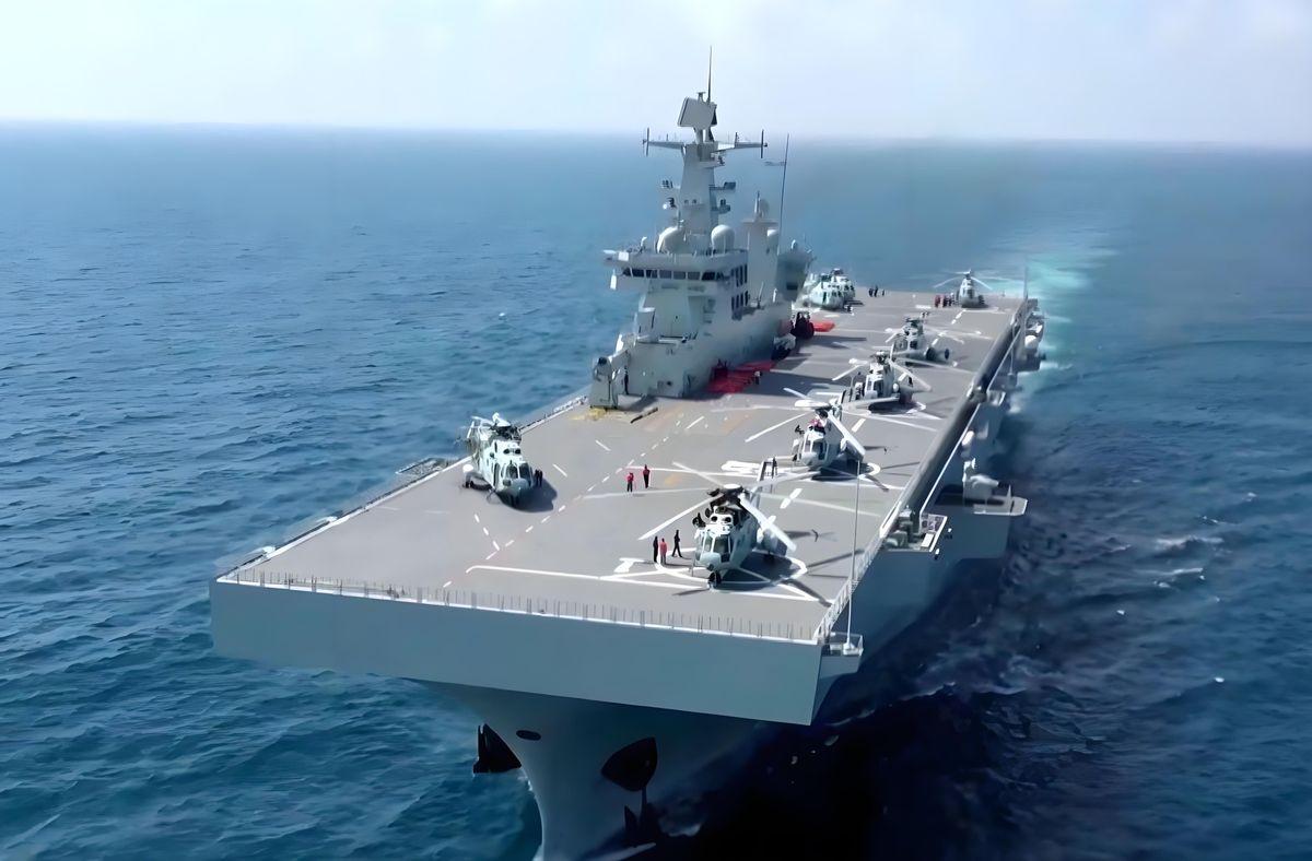 一个月内,075“小平顶”密集出动,台海棋局该收尾了 上个月,解放军在台海周边的大规模演习里,首次出现了一个关键身影——075型两栖攻击舰“海南”舰。它先是前出菲律宾海,引得澳大利亚军机尾随,又迅速加入环台演训编队。 这艘被外媒紧盯的巨舰,短短一个月内动作频频,信号再清晰不过:中国两栖投送的核心战力,已进入高强度、实战化运用阶段。 075的登场,彻底改变了游戏规则。过去我们谈渡海登陆,画面多是拥挤的登陆艇和滩头强攻。但075带来的是一套立体、多维的现代战法。简单说,它是一座能移动的“海上基地”和“直升机机场”。 第一招是“从天而降”,用舰载直升机搭载突击队和轻型装备,垂直打击敌方纵深要害,比如机场、港口,实现快速控制。 第二招是“超视距突击”,利用它肚子里装的726A型高速气垫登陆艇,能在远离海岸的地方,以近60节的速度把主战坦克、装甲车等重装备“甩”上滩头,让传统岸防火力够不着、拦不住。 第三招才是传统的平面登陆,三管齐下,让防御方顾此失彼。这种能力,让解放军的两栖作战从“抢滩”升级为“立体控场”。 为什么它此时如此活跃? 直接背景是美对台近期高达110亿美元的军售勾连。这种挑衅,必须用硬实力回应。075参与的大编队抵近演练,就是对“台独”势力和外部干涉最直观的威慑。 它清楚表明,一旦有事,解放军不仅能封锁、能打击,更能实施大规模、高效率的兵力投送与占领。有台专家自己都承认,075对台防御构成的威胁,甚至可能超过航母。因为航母编队更侧重于制空制海,阻断外敌,而075则是直指本岛、执行终极地面控制任务的“拳头”。 当然,这么大一艘舰,在高强度对抗中必然是对手重点“照顾”的目标,反舰导弹的威胁是现实存在的。所以它的运用讲求体系配合,不会单打独斗。 它的出现,本身也迫使对手必须分散火力、重新布局防御,这本身就是巨大的战略消耗。同时,我们发展076型无人机两栖攻击舰的动向也表明,我们在持续进化,未来两栖作战的样式会更加多元、更难预测。
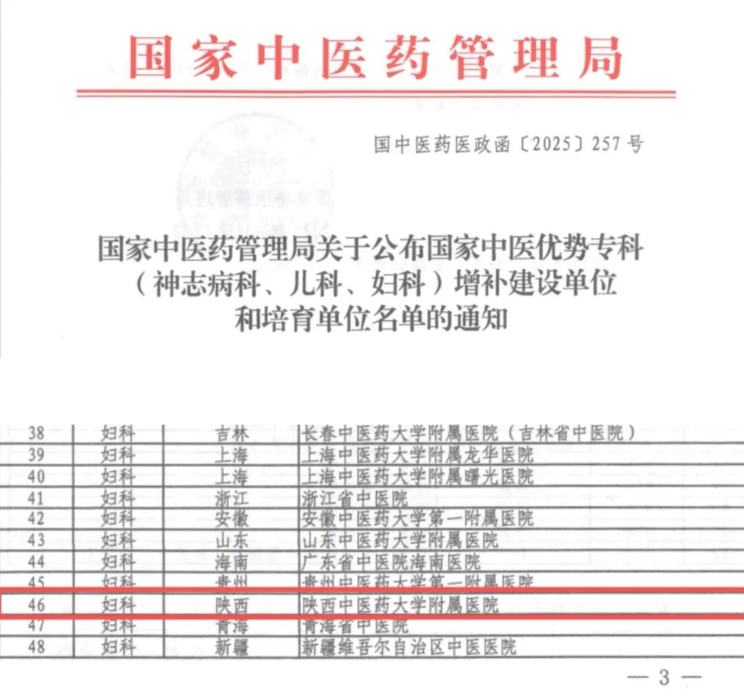 近日,国家中医药管理局正式印发《关于公布国家中医优势专科(神志病科、儿科、妇科)增补建设单位和培育单位名单的通知》(国中医药医政函〔2025〕257 号)。经过国家层面的层层严苛遴选与权威评审,陕西中医药大学附属医院妇科凭借深厚的中医传承底蕴、鲜明的中西融合诊疗特色、卓越的临床疗效及雄厚的学科综合实力,成功入选“国家中医优势专科”增补建设单位,正式跻身全国中医妇科“国家队”行列,成为医院学科建设史上又一里程碑式成就!
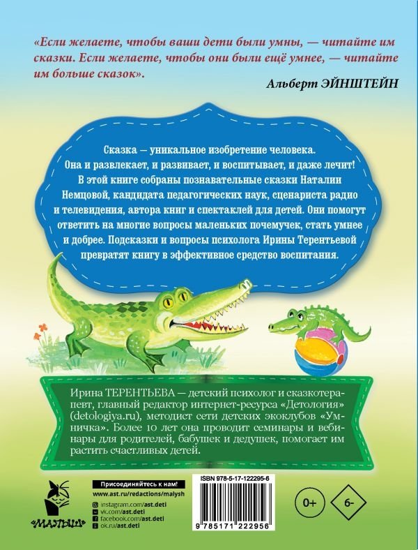 Сказка — уникальное изобретение человека. Она и развлекает, и развивает, и воспитывает, и даже лечит! В этой книге собраны познавательные сказки Наталии Немцовой, кандидата педагогических наук, сценариста радио и телевидения, автора книг и спектаклей для детей. Они помогут ответить на многие вопросы маленьких почемучек, стать умнее и добрее. Подсказки и вопросы психолога Ирины Терентьевой превратят книгу в эффективное средство воспитания.
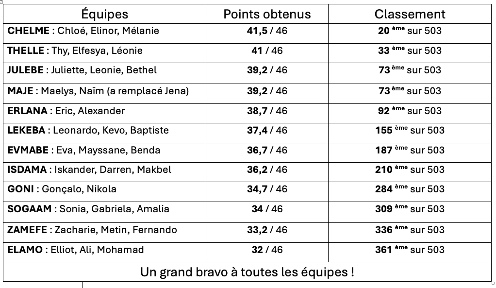 et le résumé du classement pour nos deux classes 6HA-6HB mélangées :

• _Exercise objective_: The listing above is to be retyped exactly, with all pictures left out.

• _Finished exercise_:
 一个月内,075“小平顶”密集出动,台海棋局该收尾了 上个月,解放军在台海周边的大规模演习里,首次出现了一个关键身影——075型两栖攻击舰“海南”舰。它先是前出菲律宾海,引得澳大利亚军机尾随,又迅速加入环台演训编队。 这艘被外媒紧盯的巨舰,短短一个月内动作频频,信号再清晰不过:中国两栖投送的核心战力,已进入高强度、实战化运用阶段。 075的登场,彻底改变了游戏规则。过去我们谈渡海登陆,画面多是拥挤的登陆艇和滩头强攻。但075带来的是一套立体、多维的现代战法。简单说,它是一座能移动的“海上基地”和“直升机机场”。 第一招是“从天而降”,用舰载直升机搭载突击队和轻型装备,垂直打击敌方纵深要害,比如机场、港口,实现快速控制。 第二招是“超视距突击”,利用它肚子里装的726A型高速气垫登陆艇,能在远离海岸的地方,以近60节的速度把主战坦克、装甲车等重装备“甩”上滩头,让传统岸防火力够不着、拦不住。 第三招才是传统的平面登陆,三管齐下,让防御方顾此失彼。这种能力,让解放军的两栖作战从“抢滩”升级为“立体控场”。 为什么它此时如此活跃? 直接背景是美对台近期高达110亿美元的军售勾连。这种挑衅,必须用硬实力回应。075参与的大编队抵近演练,就是对“台独”势力和外部干涉最直观的威慑。 它清楚表明,一旦有事,解放军不仅能封锁、能打击,更能实施大规模、高效率的兵力投送与占领。有台专家自己都承认,075对台防御构成的威胁,甚至可能超过航母。因为航母编队更侧重于制空制海,阻断外敌,而075则是直指本岛、执行终极地面控制任务的“拳头”。 当然,这么大一艘舰,在高强度对抗中必然是对手重点“照顾”的目标,反舰导弹的威胁是现实存在的。所以它的运用讲求体系配合,不会单打独斗。 它的出现,本身也迫使对手必须分散火力、重新布局防御,这本身就是巨大的战略消耗。同时,我们发展076型无人机两栖攻击舰的动向也表明,我们在持续进化,未来两栖作战的样式会更加多元、更难预测。
 近日,国家中医药管理局正式印发《关于公布国家中医优势专科(神志病科、儿科、妇科)增补建设单位和培育单位名单的通知》(国中医药医政函〔2025〕257 号)。经过国家层面的层层严苛遴选与权威评审,陕西中医药大学附属医院妇科凭借深厚的中医传承底蕴、鲜明的中西融合诊疗特色、卓越的临床疗效及雄厚的学科综合实力,成功入选“国家中医优势专科”增补建设单位,正式跻身全国中医妇科“国家队”行列,成为医院学科建设史上又一里程碑式成就!
 Сказка — уникальное изобретение человека. Она и развлекает, и развивает, и воспитывает, и даже лечит! В этой книге собраны познавательные сказки Наталии Немцовой, кандидата педагогических наук, сценариста радио и телевидения, автора книг и спектаклей для детей. Они помогут ответить на многие вопросы маленьких почемучек, стать умнее и добрее. Подсказки и вопросы психолога Ирины Терентьевой превратят книгу в эффективное средство воспитания.
 et le résumé du classement pour nos deux classes 6HA-6HB mélangées :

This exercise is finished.